■ Task material:

++++++++

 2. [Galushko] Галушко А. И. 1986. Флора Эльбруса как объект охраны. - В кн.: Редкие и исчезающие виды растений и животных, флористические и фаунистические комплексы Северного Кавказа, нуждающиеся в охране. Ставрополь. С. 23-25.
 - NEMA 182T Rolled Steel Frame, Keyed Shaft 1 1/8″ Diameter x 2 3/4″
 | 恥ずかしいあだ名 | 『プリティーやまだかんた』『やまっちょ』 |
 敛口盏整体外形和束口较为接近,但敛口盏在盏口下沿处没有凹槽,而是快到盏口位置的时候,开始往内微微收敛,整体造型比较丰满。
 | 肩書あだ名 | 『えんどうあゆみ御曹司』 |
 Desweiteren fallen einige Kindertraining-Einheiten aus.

++++++++

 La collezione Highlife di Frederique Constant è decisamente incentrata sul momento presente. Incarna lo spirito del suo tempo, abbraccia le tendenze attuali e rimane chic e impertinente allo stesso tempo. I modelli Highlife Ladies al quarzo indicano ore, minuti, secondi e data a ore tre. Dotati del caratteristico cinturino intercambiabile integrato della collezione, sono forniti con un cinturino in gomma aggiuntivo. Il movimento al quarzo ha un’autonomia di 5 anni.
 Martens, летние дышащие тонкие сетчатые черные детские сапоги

++++++++

■ Aim of the exercise:
Using the data above, print exactly the lines from the line that contains "2. [Galushko] Галушко" through the line that contains "Desweiteren fallen einige", with both included.

■ Expected output:
 2. [Galushko] Галушко А. И. 1986. Флора Эльбруса как объект охраны. - В кн.: Редкие и исчезающие виды растений и животных, флористические и фаунистические комплексы Северного Кавказа, нуждающиеся в охране. Ставрополь. С. 23-25.
 - NEMA 182T Rolled Steel Frame, Keyed Shaft 1 1/8″ Diameter x 2 3/4″
 | 恥ずかしいあだ名 | 『プリティーやまだかんた』『やまっちょ』 |
 敛口盏整体外形和束口较为接近,但敛口盏在盏口下沿处没有凹槽,而是快到盏口位置的时候,开始往内微微收敛,整体造型比较丰满。
 | 肩書あだ名 | 『えんどうあゆみ御曹司』 |
 Desweiteren fallen einige Kindertraining-Einheiten aus.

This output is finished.